Keep Your OODA Loop Short
Developed by a fighter pilot who influenced the design of the F-16 and F/A-18, the Observe-Orient-Decide-Act loop describes a decision making cycle. I will leave the details to Colonel Boyd, but suffice to say a shorter OODA loop is a competitive advantage in many endeavors.
In software problem solving, our loop is the process of observing a bug, forming a hypothesis, considering next steps, making a change, and observing again. The longer this loop takes the worse off you will be.
Things like long build times, manual deployment steps, and other discussions in this article impact your OODA loop. Protect the efficiency of your OODA loop from the start of a project.
Incidentally, methodologies such as Agile and TDD have the effect of shortening your loops.
Means of Observation
Build in a means of observing a running system as part of the design. Be sure you can run the system locally as much as possible with a debugger attached.

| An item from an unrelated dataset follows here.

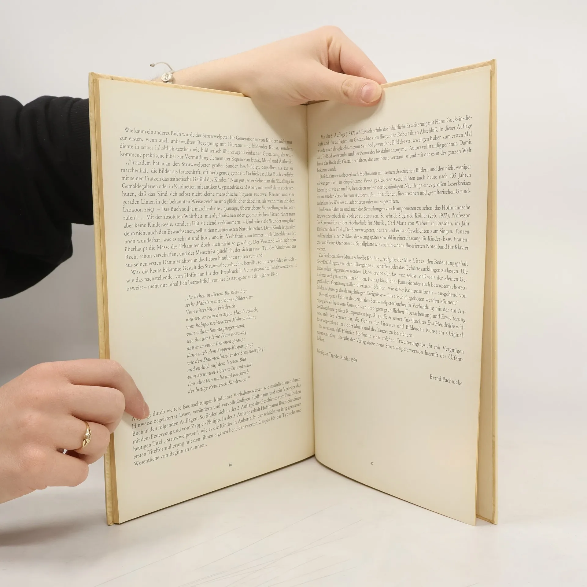 1844 suchte der Arzt Heinrich Hoffmann ein Bilderbuch als Weihnachtsgeschenk für seinen dreijährigen Sohn Carl, fand jedoch nichts Passendes. In der Zeitschrift „Gegen“ beschreibt Hoffmann, dass er lange Erzählungen oder moralische Geschichten vorfand, die nicht für Kinder in diesem Alter geeignet waren. Schließlich kehrte er mit einem leeren Schreibheft zurück und beschloss, ein eigenes Bilderbuch zu erstellen. Das Geschenk kam gut an und erregte das Interesse seiner erwachsenen Freunde, die ihn drängten, das Buch zu veröffentlichen. Zunächst lehnte er ab, doch ein befreundeter Verleger konnte ihn überzeugen. 1845 erschien das Buch erstmals unter dem Titel „Lustige Geschichten und drollige Bilder für Kinder von 3–6 Jahren“, ab der vierten Auflage 1847 als „Struwwelpeter“. Seit 1858 gab es veränderte Darstellungen. Hoffmann erzählte Geschichten über unartige Kinder, die nicht auf ihre Eltern hören und dafür bestraft werden, wie der „bitterböse Friederich“, der Tiere quält, oder Paulinchen, die mit Streichhölzern spielt. Auch positive Geschichten, wie die vom Hasen, der den Jäger überlistet, sind enthalten. Namen wie Zappelphilipp und Suppenkaspar sind in die deutsche Sprache eingegangen, und Textpassagen wie „Konrad“ sprach die Frau Mama, „ich geh aus und Du bleibst da“ sind heute allgemein bekannt.

Logging, dashboards, performance metrics, and alerts are other common patterns. I’m an opinionated logger:
- Do not let “oh ignore that, it’s ok” exception junk to accumulate. It creates noise that obscures real issues. Do some 5S.
- Logs need timestamps, stack traces for exceptions, class names, and code line numbers.
- MyCustomEnterpriseLoggerAbstraction better not show up in every stack trace. I want the true stack trace of an exception.
- Understand how to use log levels (Error/Warning/Info/Trace). If you are logging the start/end of every method at at the Info level, you are logging too much (and probably need a better debugger). Maintain a good signal to noise ratio. Make sure you can selectively enable Trace logging feature-by-feature.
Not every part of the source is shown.